Pessoas de boa-fé presumem que o órgão superior da Ministério Público não informaria, urbi et orbi, que um primeiro-ministro está sob investigação sem que, por detrás, nos aspectos sob o resguardo de uma investigação, houvesse razões muito substanciais.

Para escândalo do mais elementar senso comum, pouco depois da notícia que levou à queda do governo, não só se percebeu que o Ministério Público confundiu o que seria uma menção a António Costa com a de um seu ministro que calha ser seu homónimo – António Costa Silva, ministro da Economia e do Mar –, como ainda, ao que parece, não dispunha de nada mais substancial a justificar a investigação que se declarou estar em curso.

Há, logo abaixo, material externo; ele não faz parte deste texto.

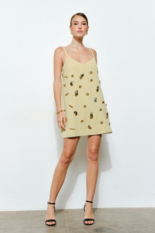 METALLIC GLITTER CROSSOVER FRONT CUT OUT DRESS
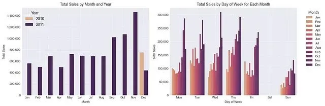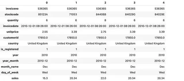 为了准备EDA,首先从invoicedate列中提取year、month、day_of_week特征,并按invoicedate顺序对数据进行排序:
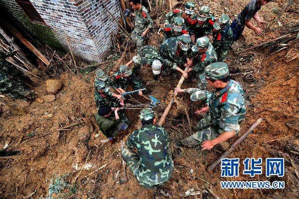 6月16日,在苍梧县沙头镇双尚村山体滑坡现场,武警战士在搜救失踪人员。 6月15日,广西梧州市苍梧县遭遇强降雨袭击,沙头镇双尚村多处发生山体滑坡等地质灾害。截至16日晚9时,死亡人数升至8人,还有7人失踪。目前,数百名解放军、武警官兵和当地干部群众正在现场全力搜救。新华社记者黄孝邦摄
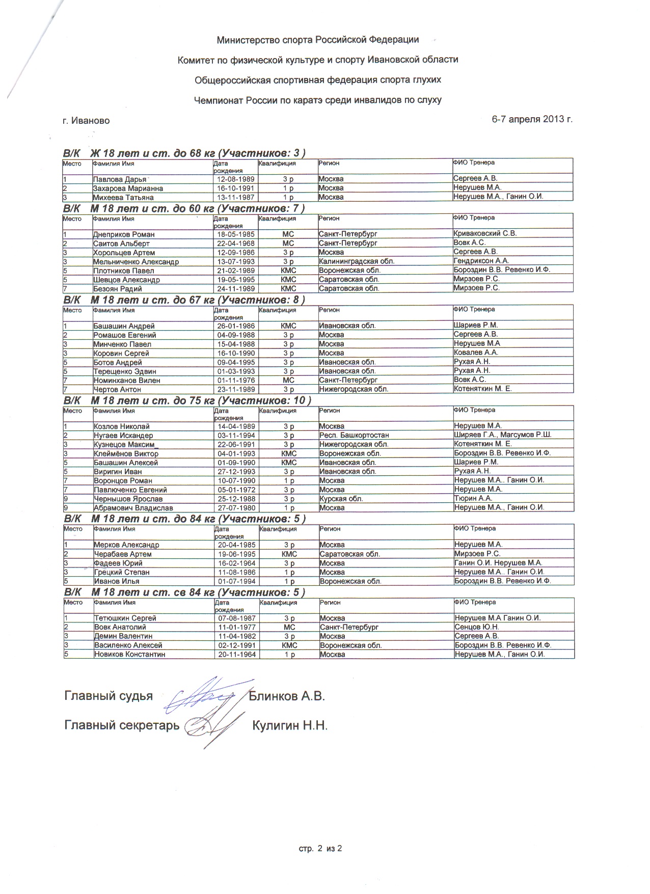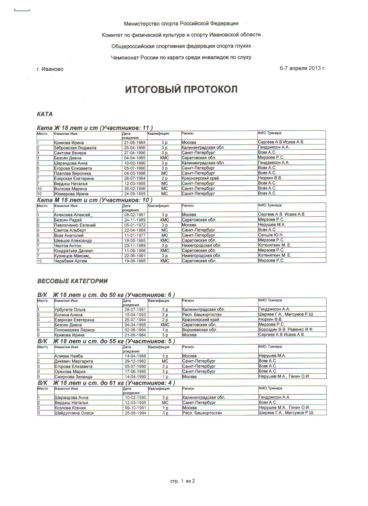 Итоги Чемпионата России по каратэ 2013 года среди инвалидов по слуху
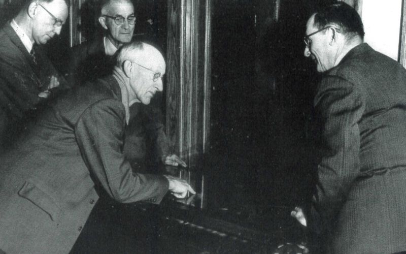 The Logan County Archaeological and Historical Society was organized at the Dr. Sloan Library in 1945 with O.K. Reames as president. They set up exhibits and display cases of various artifacts in the library. They used the library as their headquarters until their collection grew and they needed a larger facility. The Dr. Sloan Library still has some of the original artifacts on exhibit.
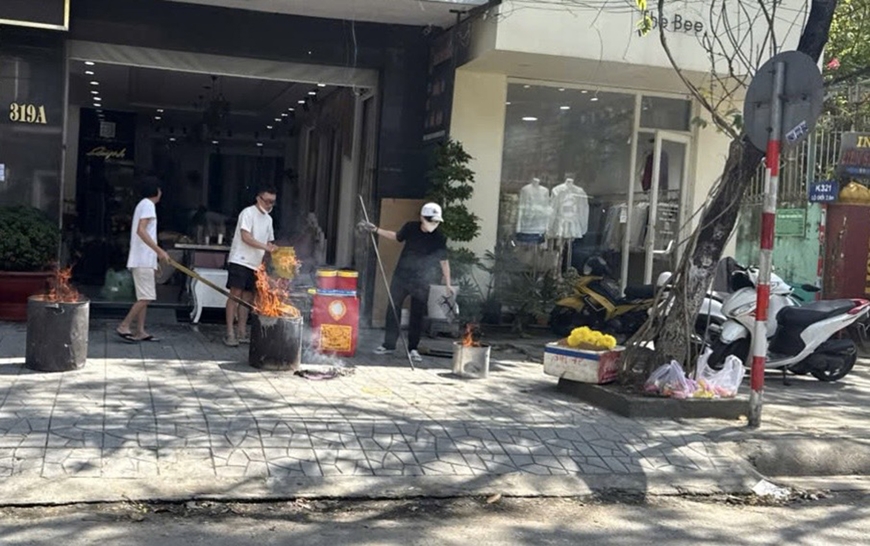| Người dân ở một tuyến đường thuộc trung tâm TP Đà Nẵng đốt vàng mã trên vỉa hè. |
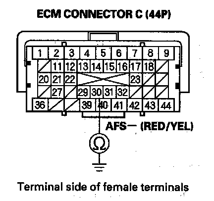 YES - Check for poor connections or loose terminals at the A/F sensor (Sensor 1) and the ECM, then go to step 1. If the connector and terminal fits are OK, go to step 17.
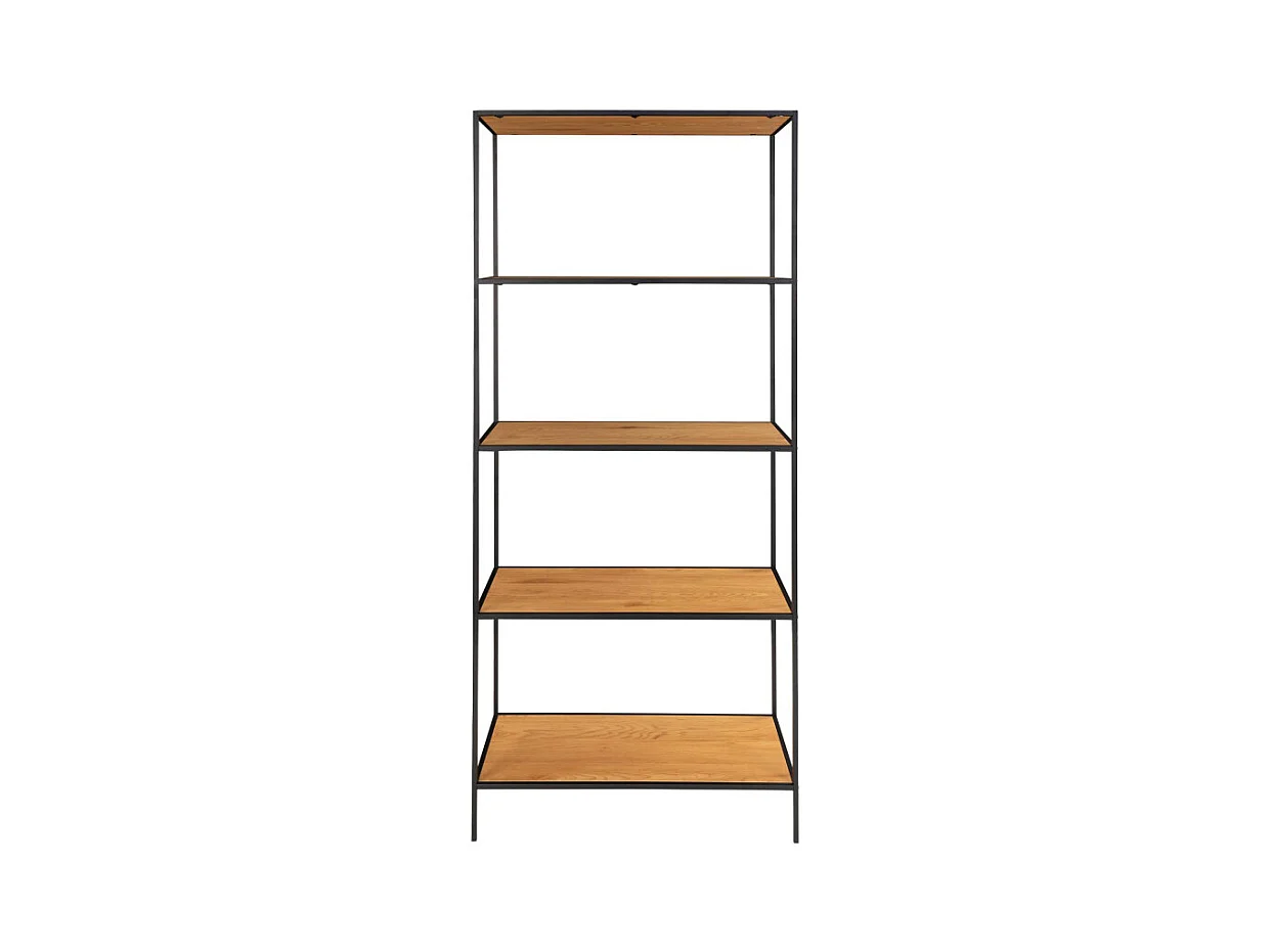 Aspecto de roble de estante de 5 historias con marco negro 80 x 36 x 170 cm

Decerto, persiste o escândalo, que envergonhou António Costa, de um chefe de gabinete do primeiro-ministro, sobrevivente dos tempos de Sócrates, esconder dinheiro vivo em São Bento, escândalo mais que suficiente para que Costa apresentasse a demissão. Pelo menos assim deve ser num país em que as suas mais altas instituições interpretem exemplarmente a sua missão pública. Alexandra Leitão bem o reconhece agora: deveria ter sido feita uma reflexão no pós-socratismo. Há muito, mas sempre vão a tempo de a fazer. Simplesmente, entretanto, o escândalo maior é outro.

Se a boa-fé cidadã levou a sério a Procuradoria-Geral da República no passado dia 7 de novembro, o que se pode concluir se perseverarmos na mesma atitude de boa-fé agora em face deste outro escândalo?

Só se vislumbram duas opções com sentido. Ou assumir que estivemos diante da mais gritante incompetência de um Ministério Público, o que deveria forçosamente conduzir a Procuradora-Geral da República a apresentar a sua demissão, pela inacreditável leviandade e falta à responsabilidade inscrita na Constituição de defender a legalidade democrática. Ou admitir o impensável, a suspeita, que se vai fazendo ouvir, de que nos aconteceu, sem que nos apercebêssemos, um golpe de estado.

“O pior ataque que o 25 de Abril e os seus valores sofrem desde a entrada em vigor da Constituição da República”, escreveu Vasco Lourenço. “Há quem fale em golpe de Estado e eu chego a pensar que podemos estar sob um golpe de Estado, porque daqui a uns meses vamos saber que isto não era nada e não tem nenhuma consistência”, analisou com lucidez assinalável Maria de Lourdes Rodrigues. Que acrescenta um dado que deve fazer reflectir: “mais de 70% dos processos que são levantados não são conclusivos”.

Dizer golpe de estado é usar de uma certa liberdade, pois não é tanto o derrube do poder por uma força que se sobrepõe à ordem legítima – golpe perpetrado por militares ou por quem os consegue mobilizar em facção – mas sim como se os instrumentos para identificar e prevenir um golpe de Estado tivessem sido hackeados.

O lugar da identificação do golpe de Estado tornou-se o lugar em que é perpetrado, se for esse o caso, o que nunca saberemos dada a neutralização da capacidade de o identificar.  Resta as opiniões, de uns e de outros, normalizadas como se fossem apenas debate político, o que já de si merece apreensão. Normalizar o discurso da corrupção, do golpe, da excepção, é abrir uma caixa de pandora que já não podemos evitar que traga consequências eleitorais.

No fim da noite ficou uma espécie de golpe de Estado nos resultados, sem que nenhuma responsabilidade por ele possa ser abertamente imputada. É quase um crime perfeito. Extrai-se toda a eficácia do que não precisou sequer de ter realmente acontecido. O antigo conselho de que à mulher de César não basta ser, é preciso parecer nunca dispensou o conselho político inverso: não basta parecer, é preciso ser. De outro modo, alguém está de má-fé.

À beira dos 50 anos de democracia, saberemos manter um país para pessoas de boa-fé?

O autor escreve de acordo com a antiga ortografia.